### What you are asked to do:
The expected result is an exact restatement of the data, free of pictures.

### Data excerpt:
********************
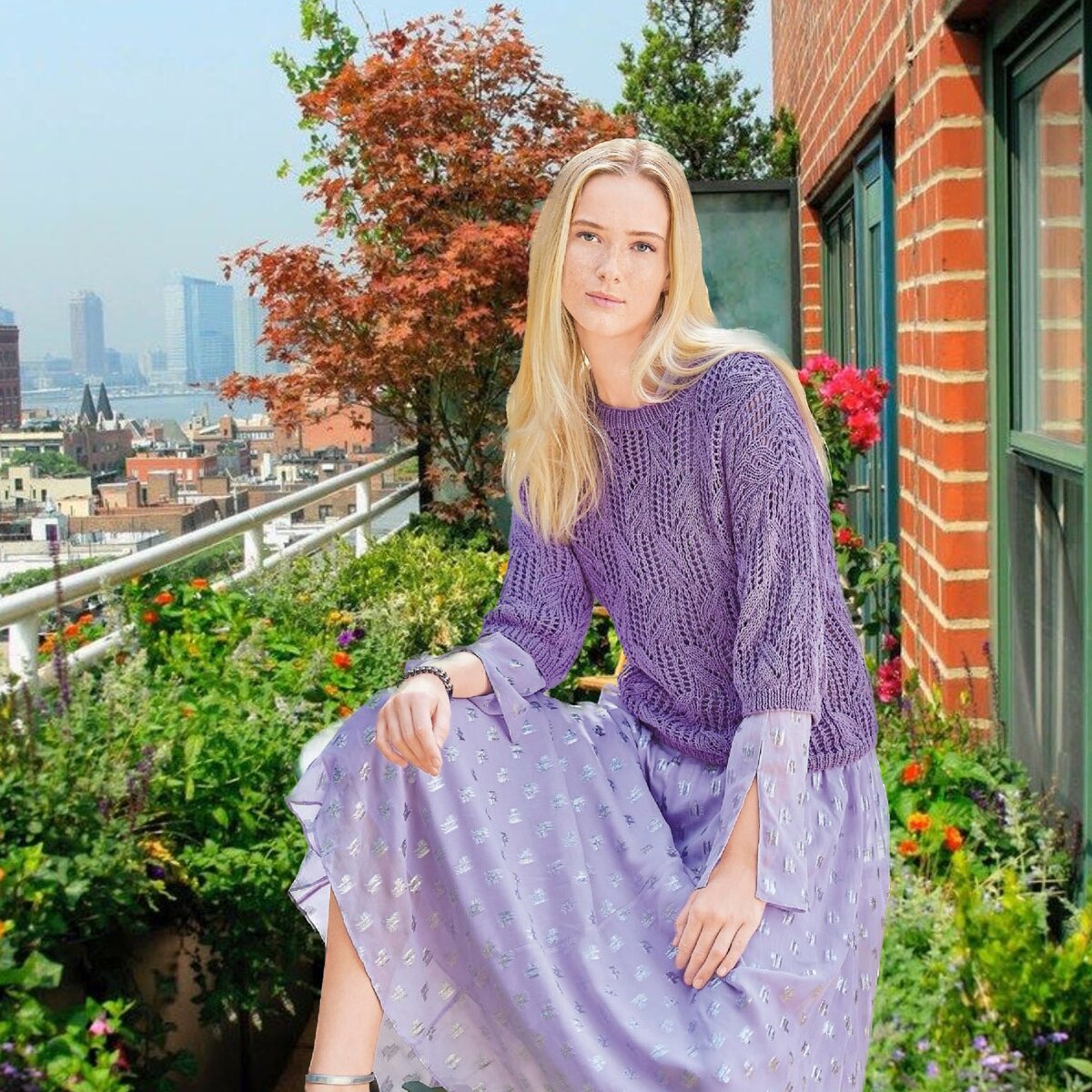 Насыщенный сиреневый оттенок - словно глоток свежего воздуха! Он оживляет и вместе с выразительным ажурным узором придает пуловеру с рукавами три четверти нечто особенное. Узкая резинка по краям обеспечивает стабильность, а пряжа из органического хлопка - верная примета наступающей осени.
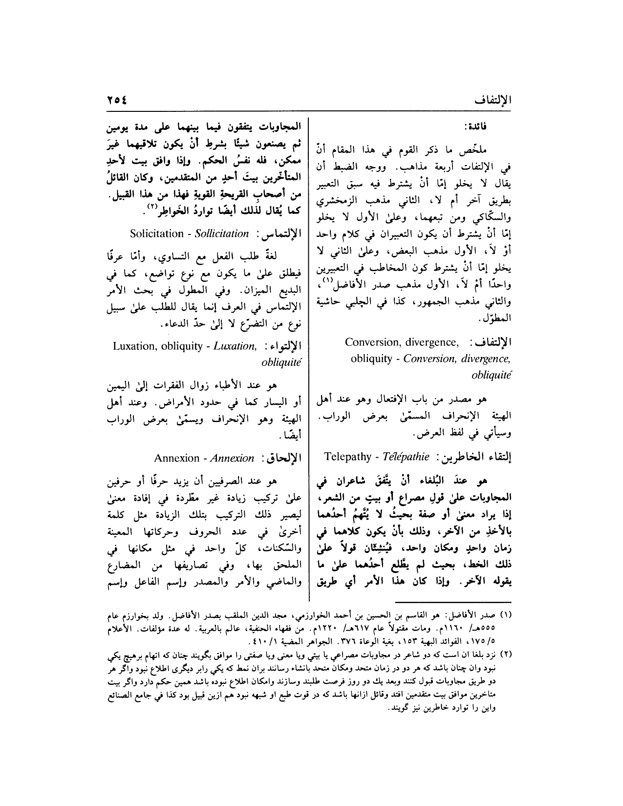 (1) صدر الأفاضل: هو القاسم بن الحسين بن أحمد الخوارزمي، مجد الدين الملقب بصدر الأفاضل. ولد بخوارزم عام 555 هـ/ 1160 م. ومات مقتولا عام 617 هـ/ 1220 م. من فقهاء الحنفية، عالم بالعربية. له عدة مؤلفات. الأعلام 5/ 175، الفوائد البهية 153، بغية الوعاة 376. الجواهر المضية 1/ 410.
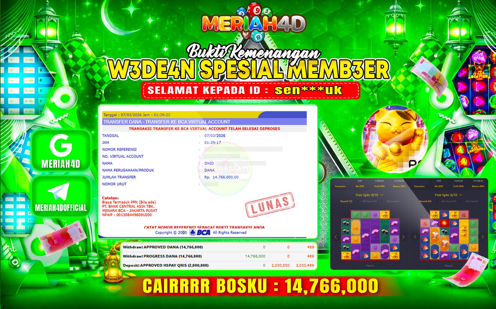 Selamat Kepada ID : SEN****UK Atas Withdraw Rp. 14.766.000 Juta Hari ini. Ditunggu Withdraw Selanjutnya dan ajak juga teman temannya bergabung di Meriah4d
********************
### Response area:
 Насыщенный сиреневый оттенок - словно глоток свежего воздуха! Он оживляет и вместе с выразительным ажурным узором придает пуловеру с рукавами три четверти нечто особенное. Узкая резинка по краям обеспечивает стабильность, а пряжа из органического хлопка - верная примета наступающей осени.
 (1) صدر الأفاضل: هو القاسم بن الحسين بن أحمد الخوارزمي، مجد الدين الملقب بصدر الأفاضل. ولد بخوارزم عام 555 هـ/ 1160 م. ومات مقتولا عام 617 هـ/ 1220 م. من فقهاء الحنفية، عالم بالعربية. له عدة مؤلفات. الأعلام 5/ 175، الفوائد البهية 153، بغية الوعاة 376. الجواهر المضية 1/ 410.
 Selamat Kepada ID : SEN****UK Atas Withdraw Rp. 14.766.000 Juta Hari ini. Ditunggu Withdraw Selanjutnya dan ajak juga teman temannya bergabung di Meriah4d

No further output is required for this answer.